Comparing Closed-loop FiO2 Controller With Conventional Control of FiO2 (NCT04568642) | Clinical Trial Compass
CompletedNot Applicable
Comparing Closed-loop FiO2 Controller With Conventional Control of FiO2
Turkey (Türkiye)30 participantsStarted 2020-10-01
Plain-language summary
During mechanical ventilation (MV) hypoxemic or hyperoxemic events should be carefully monitored and a quick response should be provided by the caregiver at the bedside. Pediatric mechanical ventilation consensus conference (PEMVECC) guidelines suggest to measure SpO2 in all ventilated children and furthermore to measure partial arterial oxygen pressure (PaO2) in moderate-to-severe disease. There were no predefined upper and lower limits for oxygenation in pediatric guidelines, however, Pediatric acute lung injury consensus conference PALICC guidelines proposed SpO2 between 92 - 97% when positive end-expiratory pressure (PEEP) is smaller than 10 cm H2O and SpO2 of 88 - 92% when PEEP is bigger or equal to 10 cm H2O. \[1\] For healthy lung, PEMVECC proposed the SpO2\>95% when breathing a FiO2 of 21%.\[2\] As a rule of thumb, the minimum fraction of inspired O2 (FiO2) to reach these targets should be used. A recent Meta-analyze showed that automated FiO2 adjustment provides a significant improvement of time in target saturations, reduces periods of hyperoxia, and severe hypoxia in preterm infants on positive pressure respiratory support. \[3\] This study aims to compare the closed-loop FiO2 controller with conventional control of FiO2 during mechanical ventilation of pediatric patients
Who can participate
Age range
1 Month – 18 Years
Sex
ALL
See this in plain English?
AI-rewrites the medical criteria so a patient or caregiver can understand them. Always confirm with the trial site.
Inclusion Criteria:
* Pediatric patients between 1 months and 18 years
* Patients above 7kg of IBW
* Informed consent was signed by next of kin
* Requiring FiO2 ≥ 25% to keep SpO2 in the target ranges defined by the clinician
Exclusion Criteria:
* Candidate for extubation in the next 5 hours.
* Patient included in another interventional study in the last 30 days
* Hemodynamically instable patients (defined as a need for continuous infusion of epinephrine or norepinephrine \> 1 mg/h)

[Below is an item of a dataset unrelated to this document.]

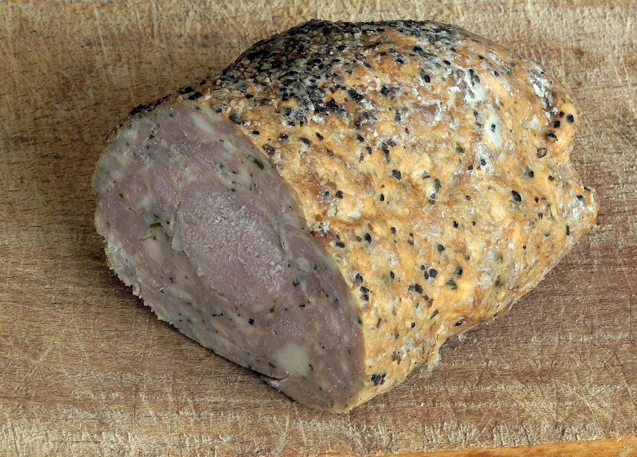 Necówka
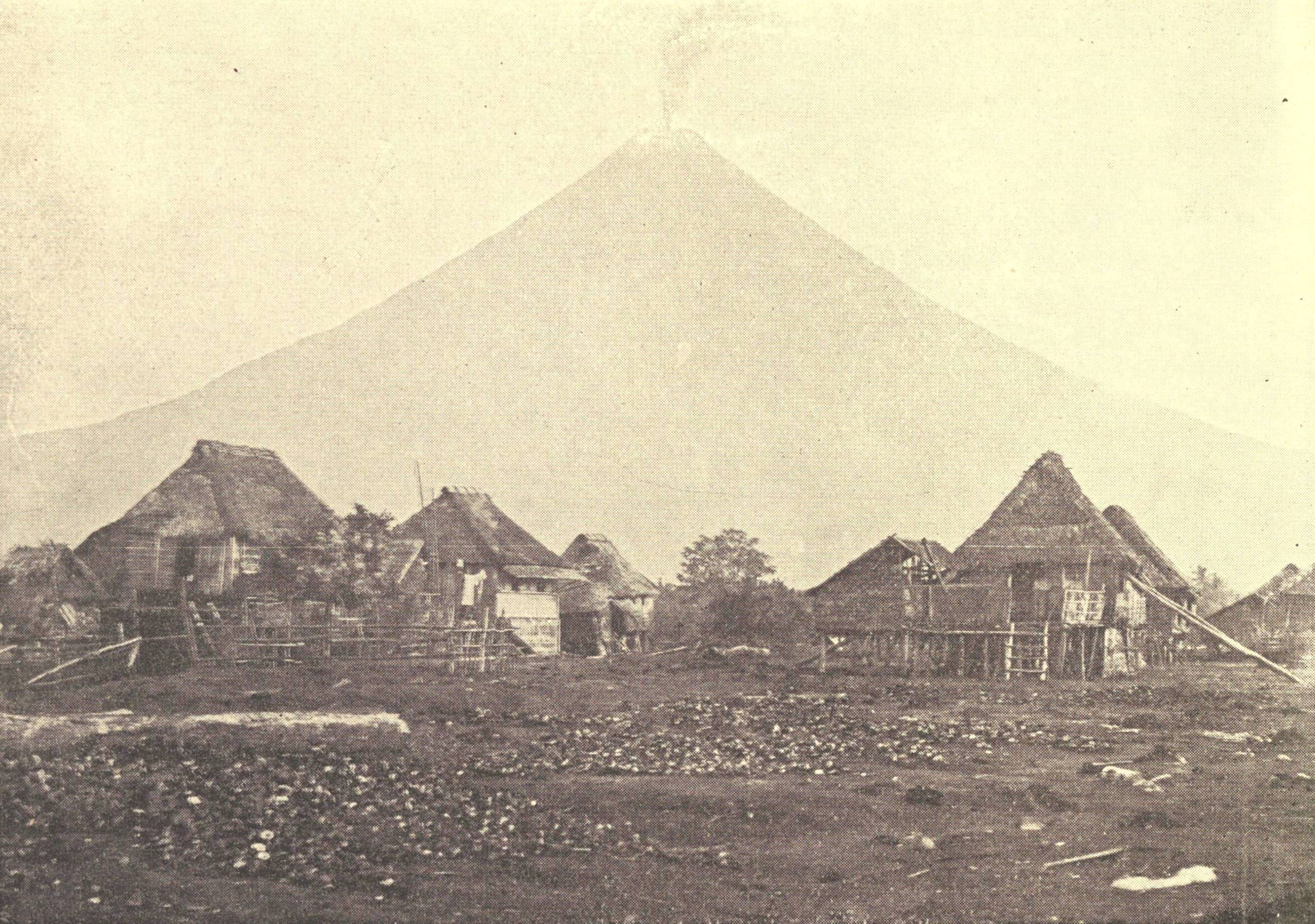 Original caption (cropped out): Volcano “Mayon” in the hemp-producing district of Luzon. Description (cropped out): This is said to be the most beautiful volcano in the world. It is 8,223 feet high, its shape is a perfect cone and its crest is always fiery. It has indulged in several destructive eruptions. In 1814 many houses were destroyed and 2500 people were killed and wounded. At its base are famous springs of great medicinal value.

* Patients with congenital or acquired hemoglobinopathies effecting SpO2 measurement
* Patient included in another interventional research study under consent
* Patient already enrolled in the present study in a previous episode of acute respiratory failure
Questions worth asking your doctor
Bring these to your next appointment. They're a starting point for a shared conversation — not a sign you qualify or a recommendation to enrol.
1Based on my diagnosis and history, is this trial worth exploring for me — or is there a standard treatment we should try first?

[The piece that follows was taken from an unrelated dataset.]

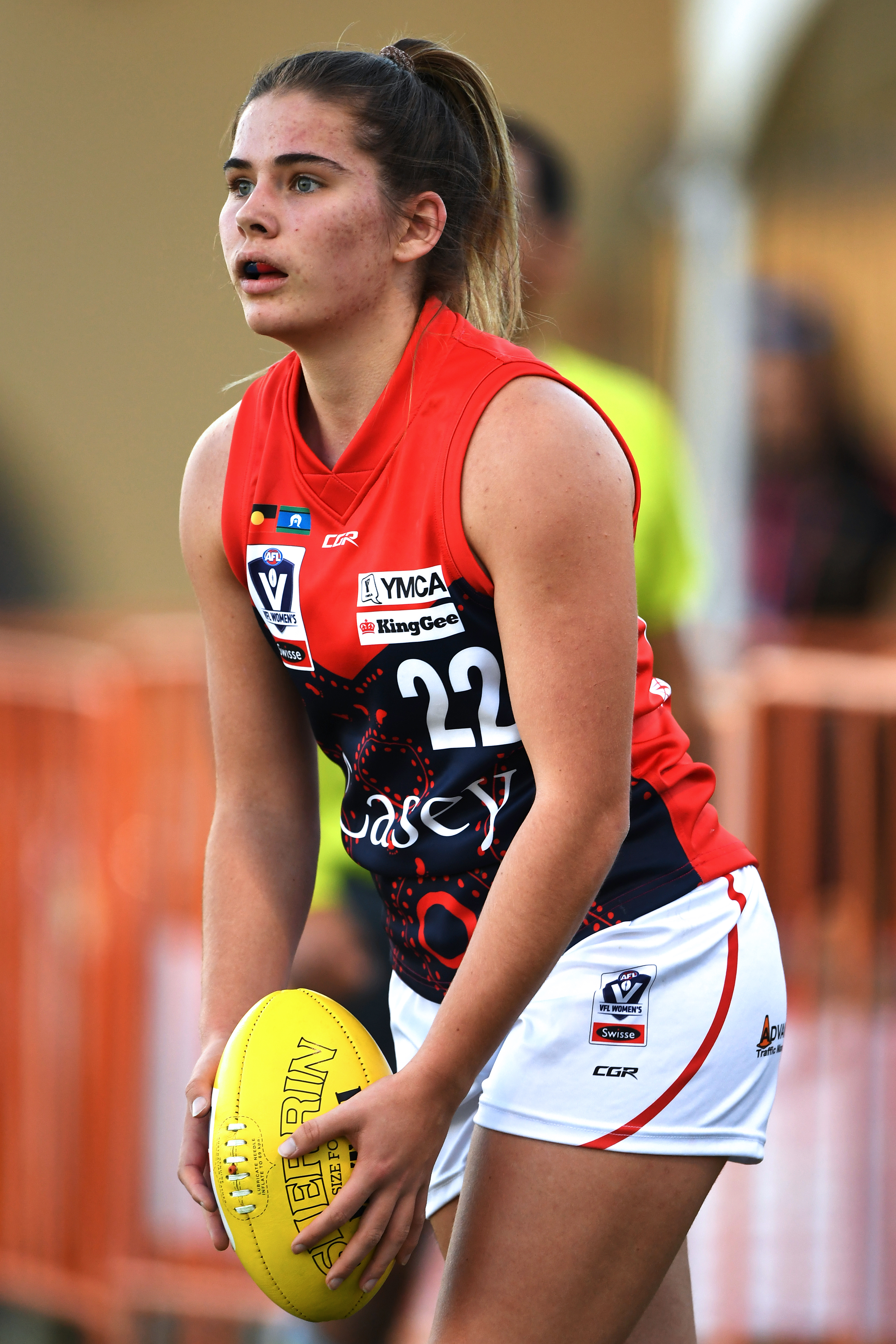 Maddy Guerin of Casey during the 2019 VFLW round 11 match between NT Thunder and Casey at Traeger Park on Saturday, 20 July 2019 in Alice Springs, Northern Territory.

2What does this trial's phase tell us about how much is already known about its safety and benefit?
3What would taking part actually involve for me — visits, tests, time, and travel?
4What are the known and possible risks or side effects I should weigh, and how would they be monitored?
5If this trial isn't the right fit, what other options or trials would you suggest I look into?
Generated to help you prepare — always confirm anything about your own eligibility and care with the study team and your doctor.
Questions for the trial coordinator
The trial coordinator is the person who runs the study day to day. These cover the practical side — logistics, costs, and what taking part would actually mean for your life. The study team confirms whether you meet the criteria; these are questions to ask, not a sign you qualify.
1What does taking part actually involve week to week — how many visits, where, and how long does each one take?
2What costs are covered by the study, and what might I have to pay for myself, including travel, parking, or time off work?
3What happens during screening, and what happens if the study team confirms I don't meet the criteria after those tests?
4Who pays for the scans, blood work, and other tests the trial requires — the study, my insurance, or me?
5How will being in the trial affect my regular care, and will my own doctor stay informed and involved?
6Can I leave the trial at any point if I change my mind, and what would happen to my care if I do?
A starting point for the conversation — always confirm anything about your own eligibility, costs, and care with the study team and your doctor.